[Dataset records]
┄┄┄┄┄┄┄┄┄┄┄┄┄┄┄┄┄┄┄┄

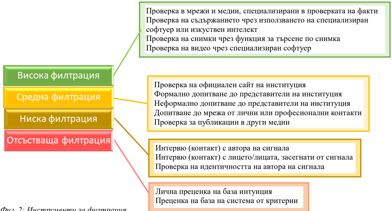
Фиг. 2: Инструменти за филтрация

В този дисертационен труд се прави опит да бъдат подредени различните степени на обработка като различни степени на филтрация, както следва:
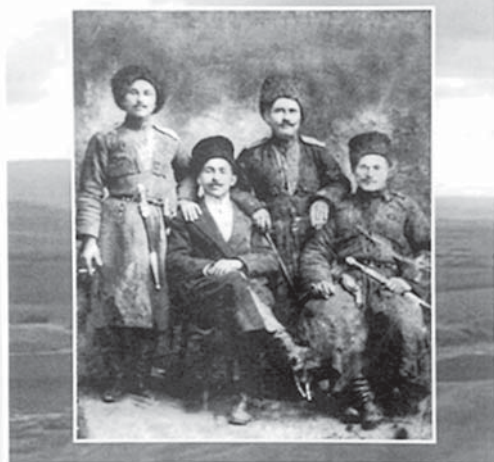
ИЗ ИСТОРИЧЕСКОГО ПРОШЛОГО МАЛОКАБАРДИНСКОГО СЕЛЕНИЯ ИСЛАМОВО (1832—1989)

села Верхний Курп. Неутомимый, цепкий, удачливый в поиске необходимого документа, он быстро завоевал авторитет в «клубе». Детское увлечение историей переросло в смысл жизни. Он стал профессиональным историком, кандидатом исторических наук, научным сотрудником Академии наук Украины. В силу известных событий в Киеве в 2014 г. вынужден был переехать в Санкт-Петербурге.
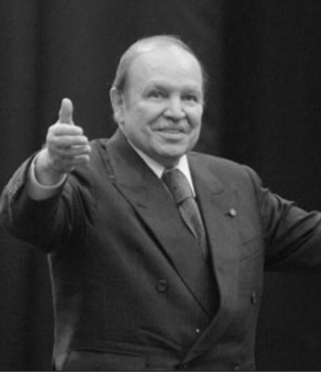
الرئيس الجزائري عبد العزيز بوتفليقة

من النجوم التي يعيشها الجزائريون لأصوله التي تعود إلى ولاية «بجاية» (240 كيلومتراً شرق العاصمة الجزائرية). كما زار صاحب ألقاب «طلحة» في تاريخ كرة القدم مناطق سياحية وأثرية، خاصة تلك التي توجد بمدينة «جانت» الواقعة بولاية «اليزي» (2300 كيلومتر جنوب العاصمة الجزائرية) وقد أبدى إعجاباً وإعجاباً بما رآه عيناه، مغرباً عن أمه في العودة مرة أخرى، خاصة وأن الحراسة الأمنية المشددة التي أحيطت بها أعطت الزيارة طابعاً رسمياً يسعى إلى

┄┄┄┄┄┄┄┄┄┄┄┄┄┄┄┄┄┄┄┄

The problem:
Please return the lines above exactly, with the pictures omitted.

Solution to this problem:
Фиг. 2: Инструменти за филтрация

В този дисертационен труд се прави опит да бъдат подредени различните степени на обработка като различни степени на филтрация, както следва:
ИЗ ИСТОРИЧЕСКОГО ПРОШЛОГО МАЛОКАБАРДИНСКОГО СЕЛЕНИЯ ИСЛАМОВО (1832—1989)

села Верхний Курп. Неутомимый, цепкий, удачливый в поиске необходимого документа, он быстро завоевал авторитет в «клубе». Детское увлечение историей переросло в смысл жизни. Он стал профессиональным историком, кандидатом исторических наук, научным сотрудником Академии наук Украины. В силу известных событий в Киеве в 2014 г. вынужден был переехать в Санкт-Петербурге.
الرئيس الجزائري عبد العزيز بوتفليقة

من النجوم التي يعيشها الجزائريون لأصوله التي تعود إلى ولاية «بجاية» (240 كيلومتراً شرق العاصمة الجزائرية). كما زار صاحب ألقاب «طلحة» في تاريخ كرة القدم مناطق سياحية وأثرية، خاصة تلك التي توجد بمدينة «جانت» الواقعة بولاية «اليزي» (2300 كيلومتر جنوب العاصمة الجزائرية) وقد أبدى إعجاباً وإعجاباً بما رآه عيناه، مغرباً عن أمه في العودة مرة أخرى، خاصة وأن الحراسة الأمنية المشددة التي أحيطت بها أعطت الزيارة طابعاً رسمياً يسعى إلى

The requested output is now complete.